** Task material follows **
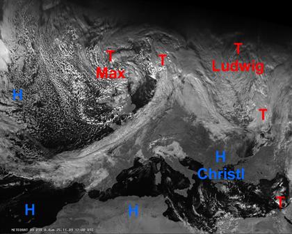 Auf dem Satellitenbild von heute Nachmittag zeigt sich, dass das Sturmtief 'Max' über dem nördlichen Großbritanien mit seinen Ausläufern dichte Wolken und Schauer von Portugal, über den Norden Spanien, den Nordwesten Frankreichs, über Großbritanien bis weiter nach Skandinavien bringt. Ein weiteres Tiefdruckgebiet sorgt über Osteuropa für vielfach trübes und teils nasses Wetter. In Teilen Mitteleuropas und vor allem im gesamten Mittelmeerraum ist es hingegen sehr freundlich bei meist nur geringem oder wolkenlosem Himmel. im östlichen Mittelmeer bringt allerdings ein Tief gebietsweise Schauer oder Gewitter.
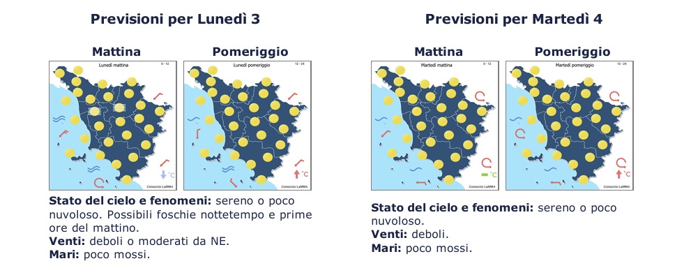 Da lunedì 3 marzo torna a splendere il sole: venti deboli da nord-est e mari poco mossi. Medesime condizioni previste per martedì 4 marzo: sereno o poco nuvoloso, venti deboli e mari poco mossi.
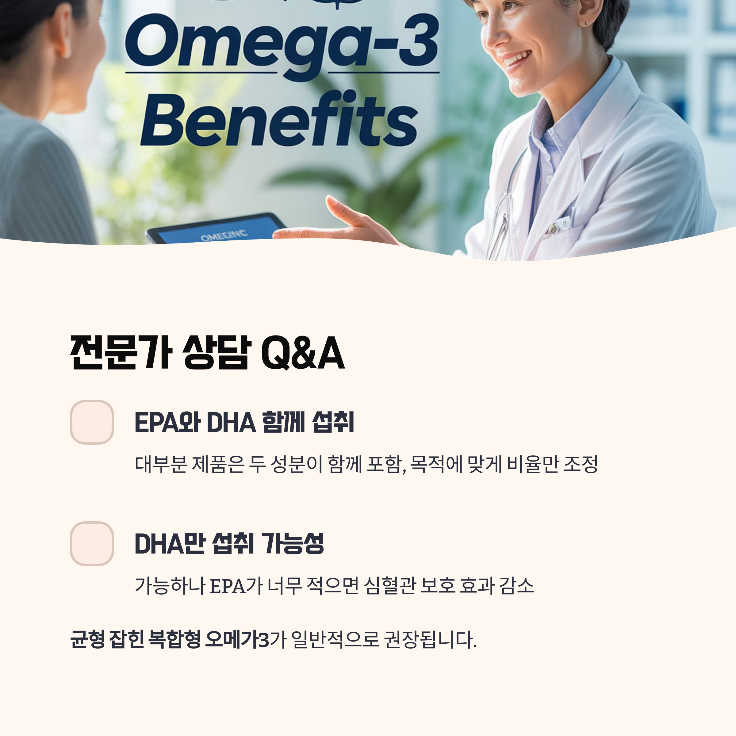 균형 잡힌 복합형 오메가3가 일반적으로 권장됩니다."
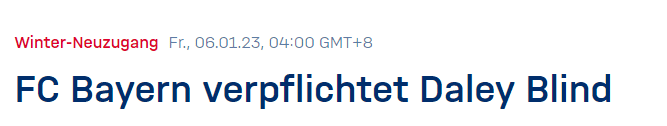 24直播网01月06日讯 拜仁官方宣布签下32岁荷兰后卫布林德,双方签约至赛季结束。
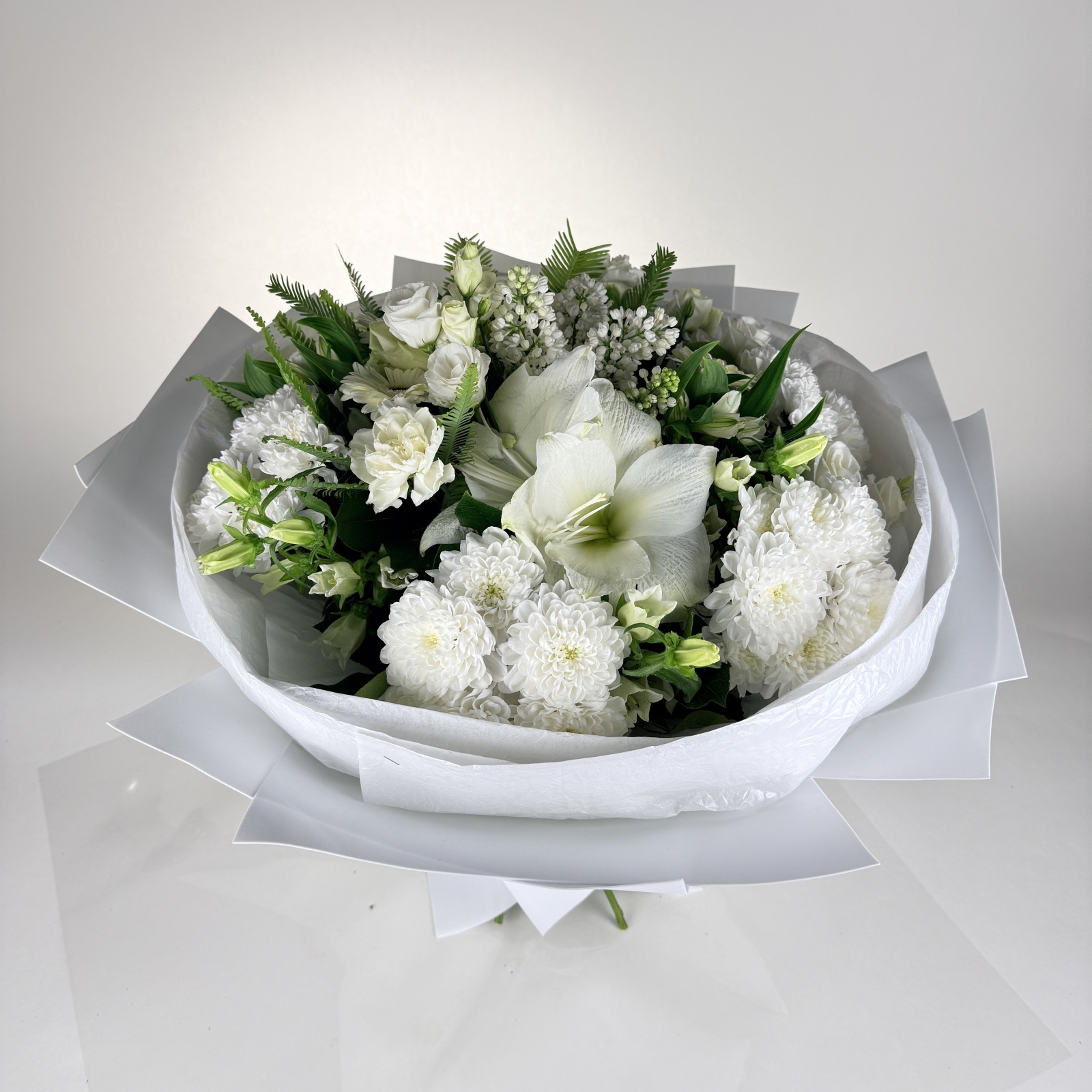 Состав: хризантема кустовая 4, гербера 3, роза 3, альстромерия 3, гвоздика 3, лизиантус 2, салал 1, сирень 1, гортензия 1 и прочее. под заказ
** End of Task material **
## Problem to work on
All the records need to be retyped word for word, except for the pictures.

## Response for this exercise
 Auf dem Satellitenbild von heute Nachmittag zeigt sich, dass das Sturmtief 'Max' über dem nördlichen Großbritanien mit seinen Ausläufern dichte Wolken und Schauer von Portugal, über den Norden Spanien, den Nordwesten Frankreichs, über Großbritanien bis weiter nach Skandinavien bringt. Ein weiteres Tiefdruckgebiet sorgt über Osteuropa für vielfach trübes und teils nasses Wetter. In Teilen Mitteleuropas und vor allem im gesamten Mittelmeerraum ist es hingegen sehr freundlich bei meist nur geringem oder wolkenlosem Himmel. im östlichen Mittelmeer bringt allerdings ein Tief gebietsweise Schauer oder Gewitter.
 Da lunedì 3 marzo torna a splendere il sole: venti deboli da nord-est e mari poco mossi. Medesime condizioni previste per martedì 4 marzo: sereno o poco nuvoloso, venti deboli e mari poco mossi.
 균형 잡힌 복합형 오메가3가 일반적으로 권장됩니다."
 24直播网01月06日讯 拜仁官方宣布签下32岁荷兰后卫布林德,双方签约至赛季结束。
 Состав: хризантема кустовая 4, гербера 3, роза 3, альстромерия 3, гвоздика 3, лизиантус 2, салал 1, сирень 1, гортензия 1 и прочее. под заказ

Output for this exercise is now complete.